- **REQUIRED WORK**: Where the entries below show "1853-O Arrws &", begin there and print that line and all following lines exactly, through the last, omitting pictures.

Items listed in a dataset:
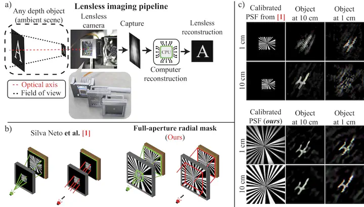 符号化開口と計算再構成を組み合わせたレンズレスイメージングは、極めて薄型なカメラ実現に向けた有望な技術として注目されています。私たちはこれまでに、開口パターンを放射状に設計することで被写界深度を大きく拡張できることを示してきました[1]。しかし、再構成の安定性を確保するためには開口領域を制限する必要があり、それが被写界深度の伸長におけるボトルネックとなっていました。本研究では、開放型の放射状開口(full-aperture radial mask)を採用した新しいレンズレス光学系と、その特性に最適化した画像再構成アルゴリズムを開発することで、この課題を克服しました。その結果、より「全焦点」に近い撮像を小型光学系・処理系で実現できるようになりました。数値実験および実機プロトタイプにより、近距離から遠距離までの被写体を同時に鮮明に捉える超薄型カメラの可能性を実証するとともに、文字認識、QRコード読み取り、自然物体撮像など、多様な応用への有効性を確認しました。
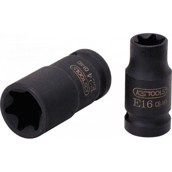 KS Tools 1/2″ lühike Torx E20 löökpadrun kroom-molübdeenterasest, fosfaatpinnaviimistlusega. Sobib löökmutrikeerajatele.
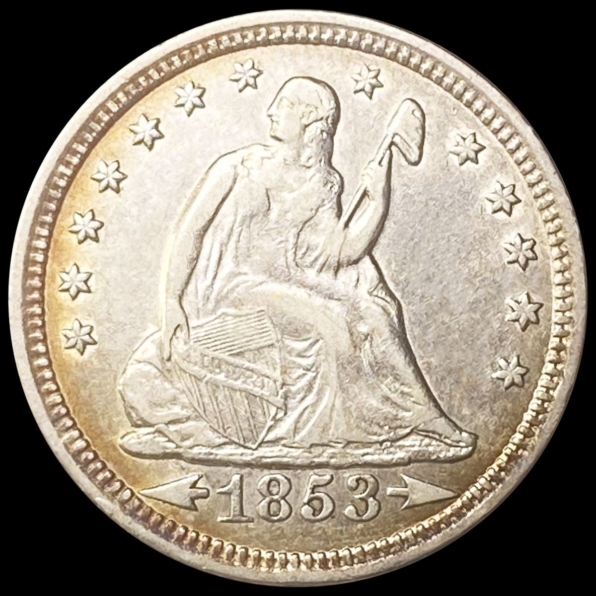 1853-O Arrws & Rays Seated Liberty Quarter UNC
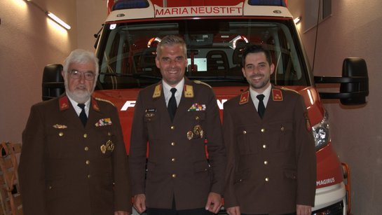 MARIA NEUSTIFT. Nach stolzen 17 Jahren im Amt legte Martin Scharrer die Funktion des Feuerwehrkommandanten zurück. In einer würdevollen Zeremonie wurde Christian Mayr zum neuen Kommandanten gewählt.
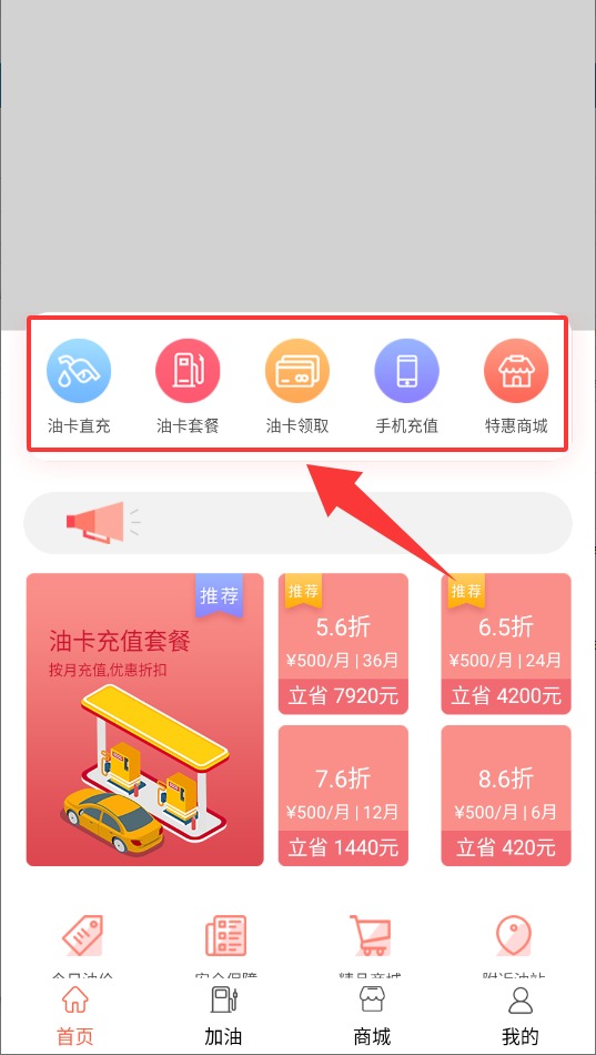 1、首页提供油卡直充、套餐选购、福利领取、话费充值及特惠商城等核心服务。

- **WORKED SOLUTION**:
 1853-O Arrws & Rays Seated Liberty Quarter UNC
 MARIA NEUSTIFT. Nach stolzen 17 Jahren im Amt legte Martin Scharrer die Funktion des Feuerwehrkommandanten zurück. In einer würdevollen Zeremonie wurde Christian Mayr zum neuen Kommandanten gewählt.
 1、首页提供油卡直充、套餐选购、福利领取、话费充值及特惠商城等核心服务。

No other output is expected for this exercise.